Then, the typical CEOF1 pattern is further strengthened in summer 2015 (figure 1(h)) and becomes robust and prominent at the end of 2015 (figure 1(i)), leading to the mature phase of the 2015/16 El Niño (figure 1(j)). The growth of CEOF1 can be seen by the significant increase of PC1 during the whole of 2015 (figure 2(e)), consistent with the development of PDO in 2015 (Di Lorenzo and Mantua 2016). The subtropical high in the western Pacific is now completely developed (figure 1(j)).

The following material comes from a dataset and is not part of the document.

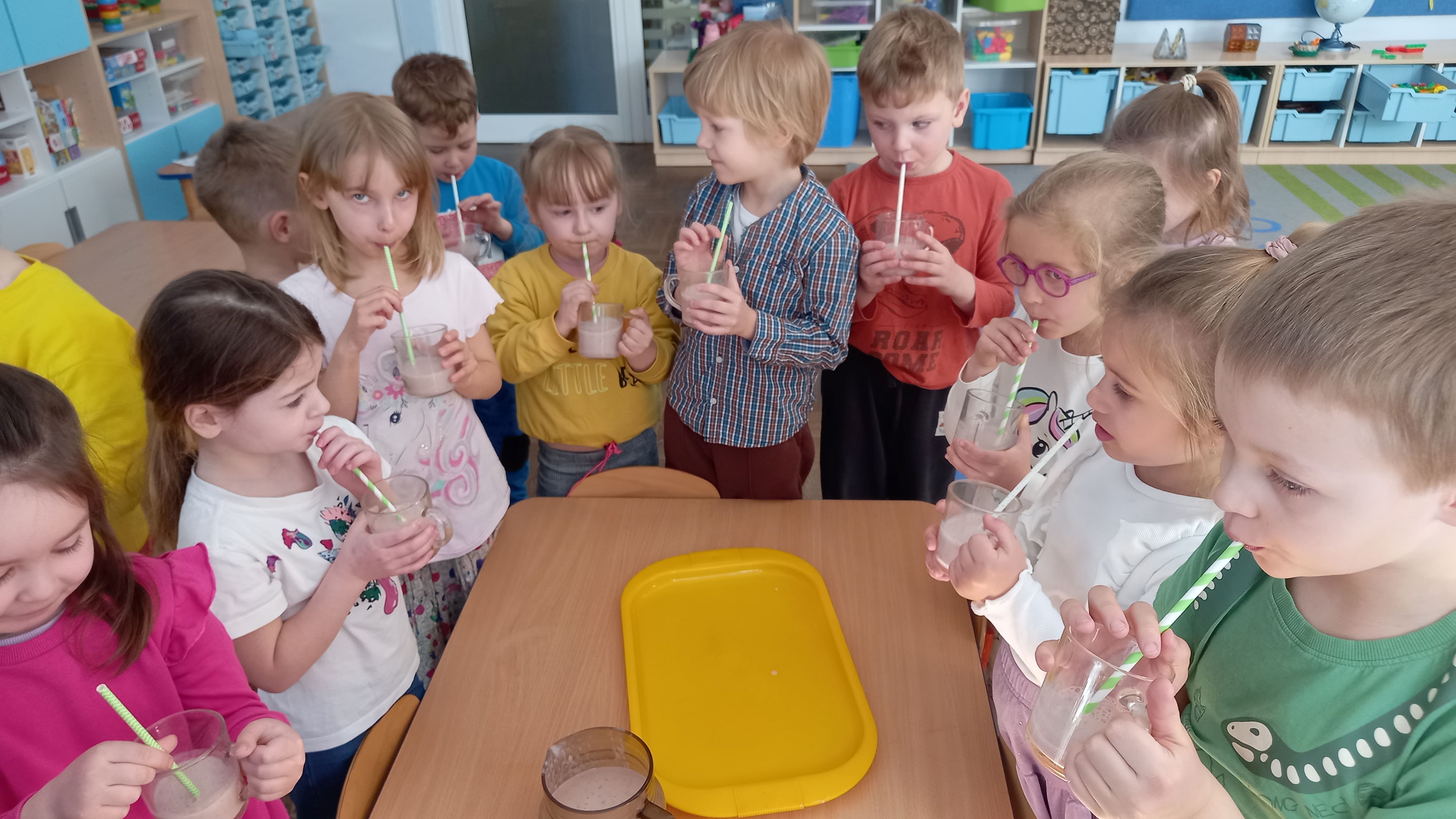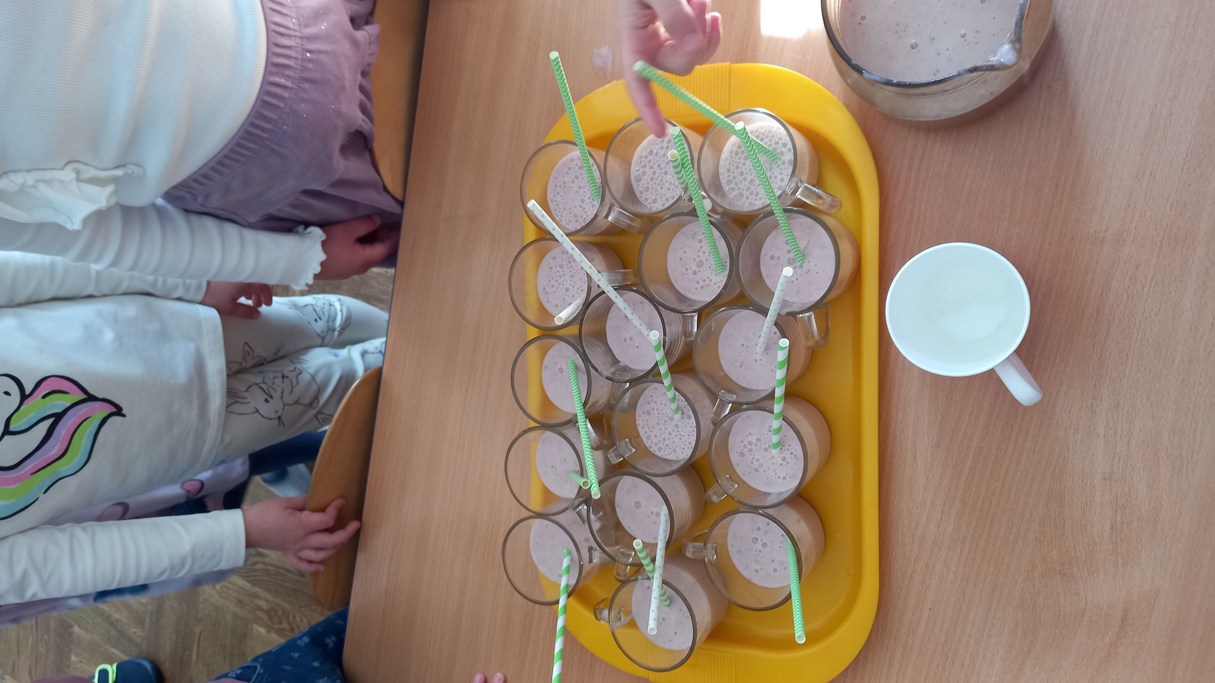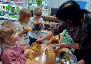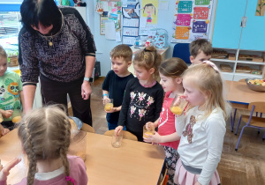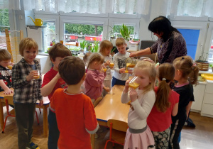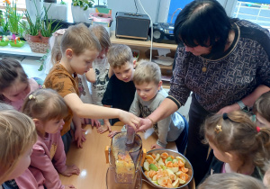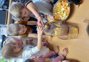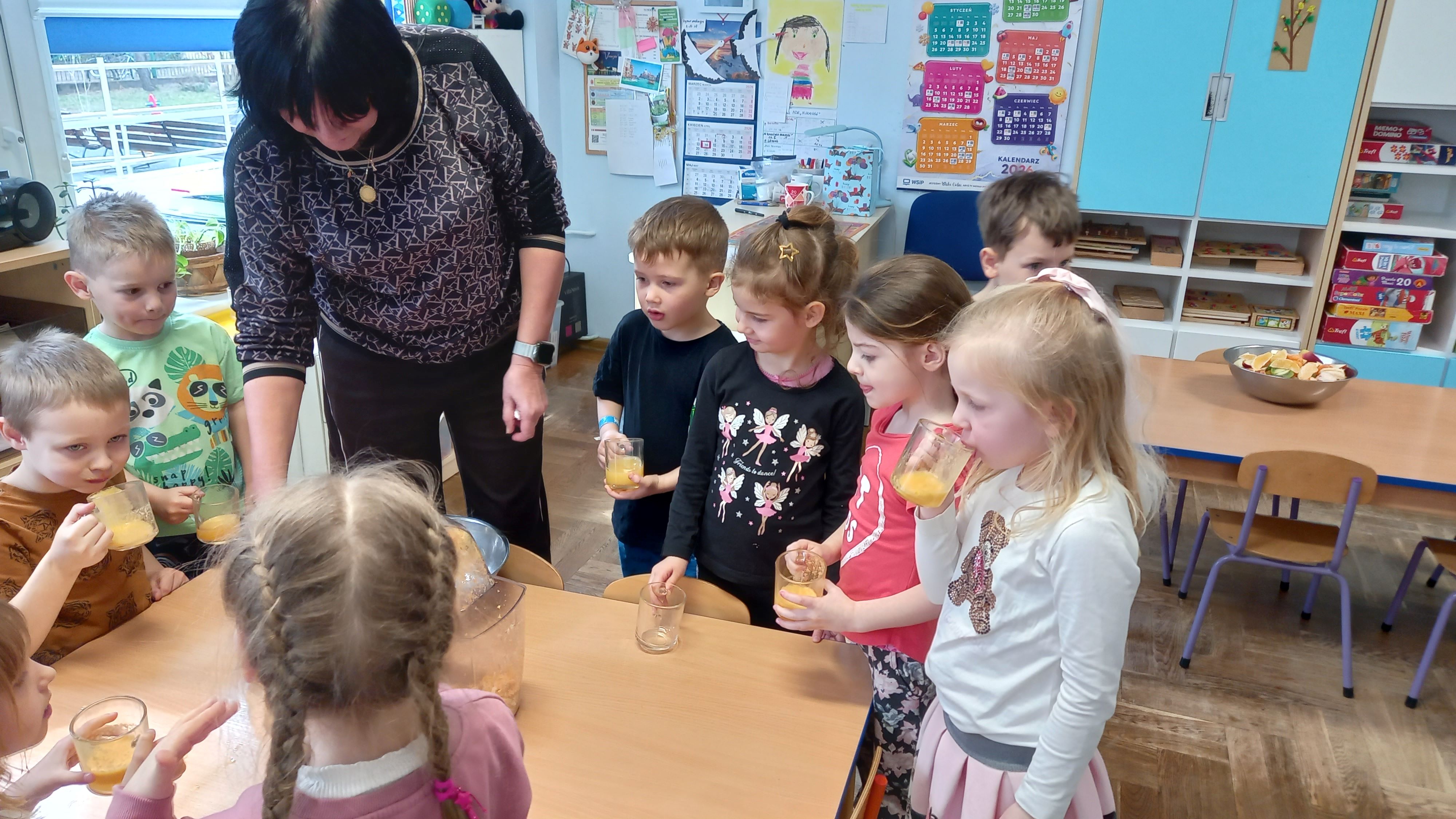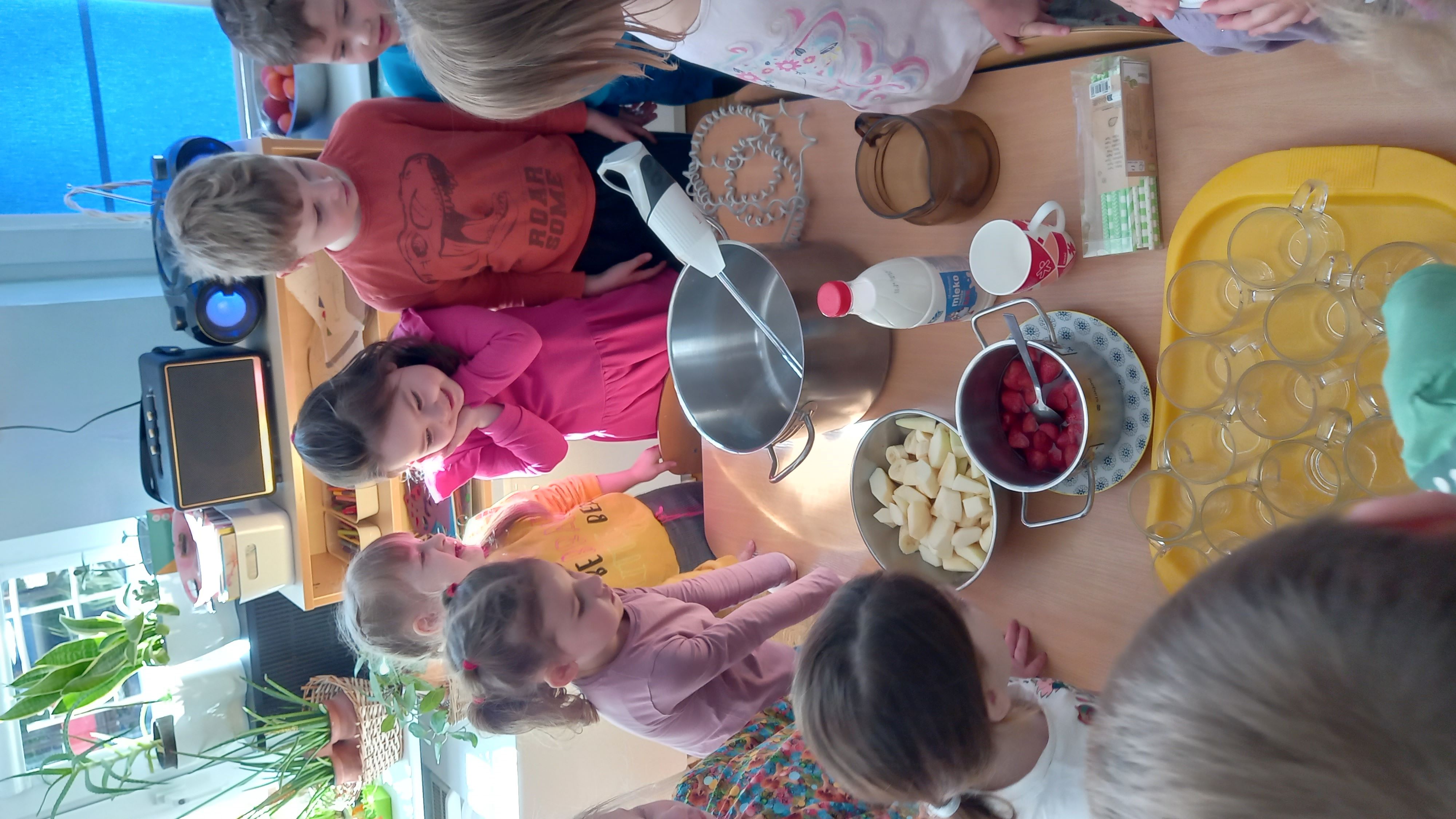 Największą atrakcją było jednak wspólne przygotowywanie świeżych soków owocowych. Z pomocą nauczycielki dzieci mogły obserwować cały proces - od wrzucania owoców do wyciskarki, po oglądanie jak powstaje pyszny sok. Kropelki chętnie pomagały, podawały składniki i z ogromnym zaciekawieniem patrzyły jak owoce zmieniają się w zdrowy napój.

The above results confirm the positive CEOF2 is a robust feature in the North Pacific from early 2014 to 2015. Winter 2014/15 shows the existence of a meridional NPO-like pattern in the extratropical Pacific and a zonal ENSO-like pattern in the tropical and subtropical Pacific, suggesting the transition phase of ENSO. Figure 3(a) further shows the lead–lag correlations between the time series of PCs associated with the first two CEOF modes (also Niño 3.4) and SST anomalies in the Blob region defined by Bond et al (2015) (95% confidence levels are shown as dotted lines). The SST anomalies in the Blob region lag PC2 by four months (R = 0.54) and lead the Niño 3.4 by five months (R = 0.43) (also PC1 by seven months, R = 0.41). The lead of PC2 relative to the SST anomalies in the Blob region can be directly seen in the respective time series shown in figure 2(e) (e.g. the black line becomes positive a few months earlier than the shading in 2012–2013). The relation is very robust even if we use data prior to 2014 (see figure S1 available at stacks.iop.org/ERL/12/054019/mmedia for the lead–lag correlation during 1958–2011). Both of the SST anomalies in the Blob region and the PC2 show large-amplitude variations associated with the warming VM pattern that started in 2013 (the largest magnitude since 1958). The second positive peak of PC2 is January 1997, which was followed by the 1997/98 El Niño. The similarity between the winter 2013/14 SST/SLP patterns and the typical NPO/VM, combined with the correlation between PC2 and the SST anomalies in the Blob, confirms that the unusually warm temperatures in the northeast Pacific that prevailed from late 2013 to 2015 are actually the typical extratropical signature of the VM (Ding et al 2015a, Ding et al 2015b), which is inherent in the second O–A coupled mode of variability in the North Pacific.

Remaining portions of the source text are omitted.